Why transparent salaries make sense - swombat
http://blog.granttree.co.uk/post/70579054648/why-transparent-salaries-make-sense
======
silverbax88
I used to think transparent salaries were a good idea. Until I was hiring
people. Over time, I learned that it's not just transparent salaries in your
own company that causes a problem - it's transparent salaries in other
people's companies.

I've worked for multiple HR companies who performed studies, all of which
showed that salary isn't the highest priority on employee concerns. Yet, in my
experience, the number one reason I lose employees (or have left a job) was
money.

Also, yes, I have poached employees from competitors by simply finding out how
much they were making and offering more. You want to show me how much you are
paying your people? It will tell me either that you are not profitable (if you
are paying too much) or it will tell me the exact number I need to beat to
take your best people.

And rest assured, I WILL take your best people.

Rest assured, I HAVE had my best people taken as well.
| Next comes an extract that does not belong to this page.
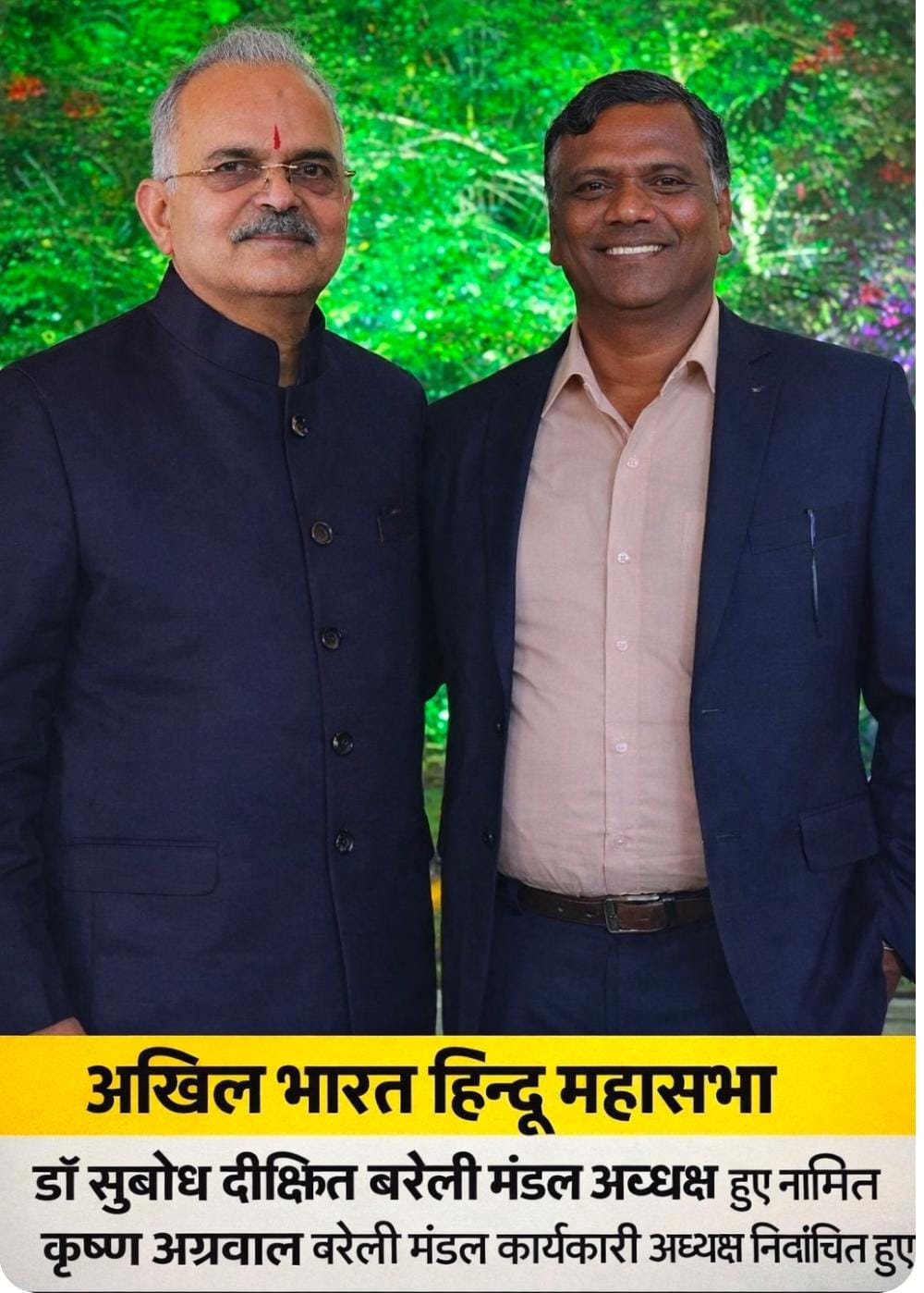 /बरेली। आशीष रायल पार्क के गणमान्य निवासी डा. सुबोध दीक्षित को अखिल भारत हिंदू महासभा द्वारा बरेली मंडल का अध्यक्ष नियुक्त किया गया है। वहीं कृष्ण कुमार अग्रवाल को संगठन का बरेली मंडल का कार्यकारी अध्यक्ष बनाया गया है।यह नियुक्ति संगठन के शीर्ष नेतृत्व की संस्तुति पर की गई है, जिसके बाद क्षेत्र के कार्यकर्ताओं और समर्थकों में उत्साह का माहौल है।

Business is not a democracy. Business is a competition. It is a fight for
survival. No business is going to be so transparent to reveal enough to help
their competitors. Even those 'transparent' companies who post on blogs their
entire process? Trust me, they ain't showing you some of the most important
stuff. They are marketing to you.

I don't know how this comment will be taken on HN, but I realized some time
back that the number of people on HN who are smart is very high, but the
number of people who actually run businesses is much, much lower. So I run a
company. My comments are based on my experience.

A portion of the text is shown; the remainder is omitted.